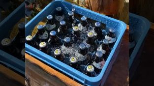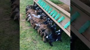 On a farm, twelve little goats drink their milk at the same time through a special feeder made by a breeder.
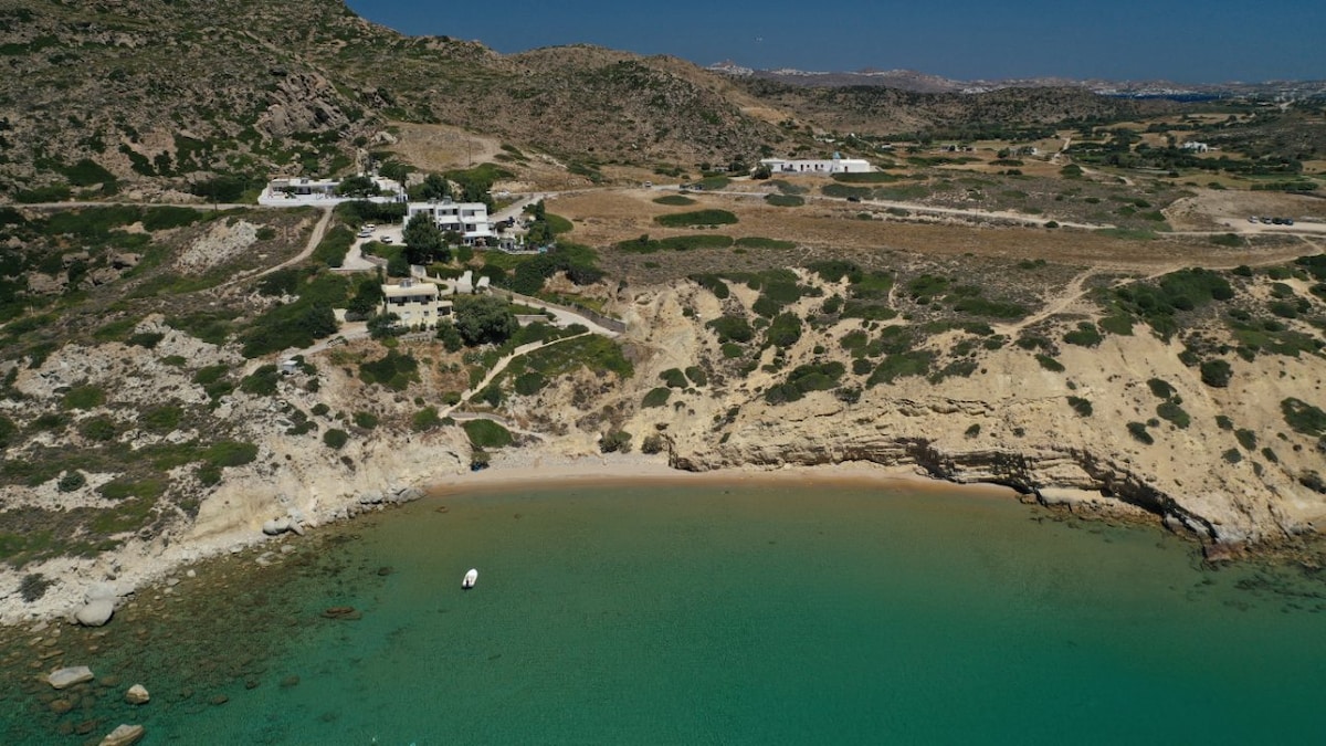Private, high-ceilinged farmhouse apartment with bedroom and bathroom. Special kitchen corner, preparation of breakfast & cold dishes. 2 balconies (40m2 in total), with a panoramic view of the port in front and the sea of Sarakiniko behind (the lunar landscape is only 15 minutes away on foot). Distances: 4 minutes from the port and 7 from the airport by car, Plaka: 5km, Pollonia: 7km, Fyriplaka-Tsigrado in 15 minutes. Recently landscaped garden, natural environment with privacy & tranquility
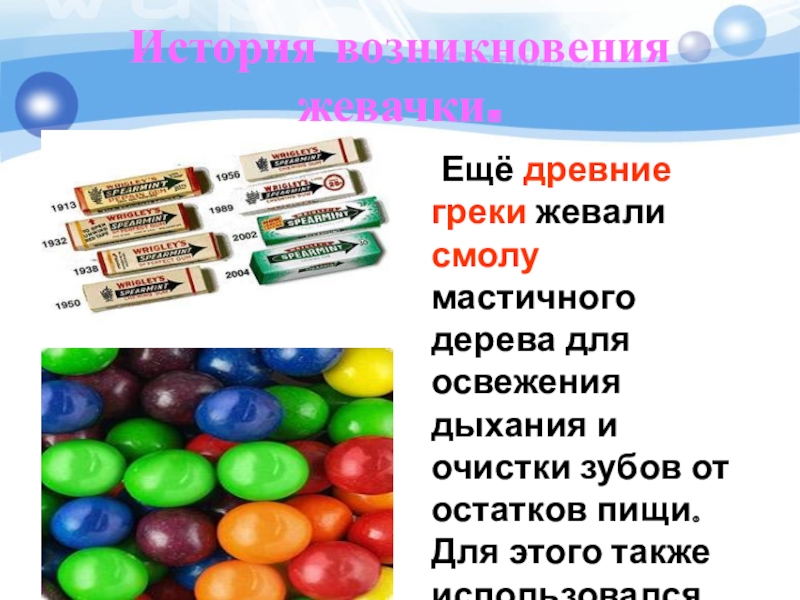 1.Ознакомиться с историей возникновения жевательной резинки.

▶ Task requirements: Only the lines from the one containing "Private, high-ceilinged farmhouse" through the end of the listing should be output, word for word and inclusive; keep pictures out.

▶ Written response:
Private, high-ceilinged farmhouse apartment with bedroom and bathroom. Special kitchen corner, preparation of breakfast & cold dishes. 2 balconies (40m2 in total), with a panoramic view of the port in front and the sea of Sarakiniko behind (the lunar landscape is only 15 minutes away on foot). Distances: 4 minutes from the port and 7 from the airport by car, Plaka: 5km, Pollonia: 7km, Fyriplaka-Tsigrado in 15 minutes. Recently landscaped garden, natural environment with privacy & tranquility
 1.Ознакомиться с историей возникновения жевательной резинки.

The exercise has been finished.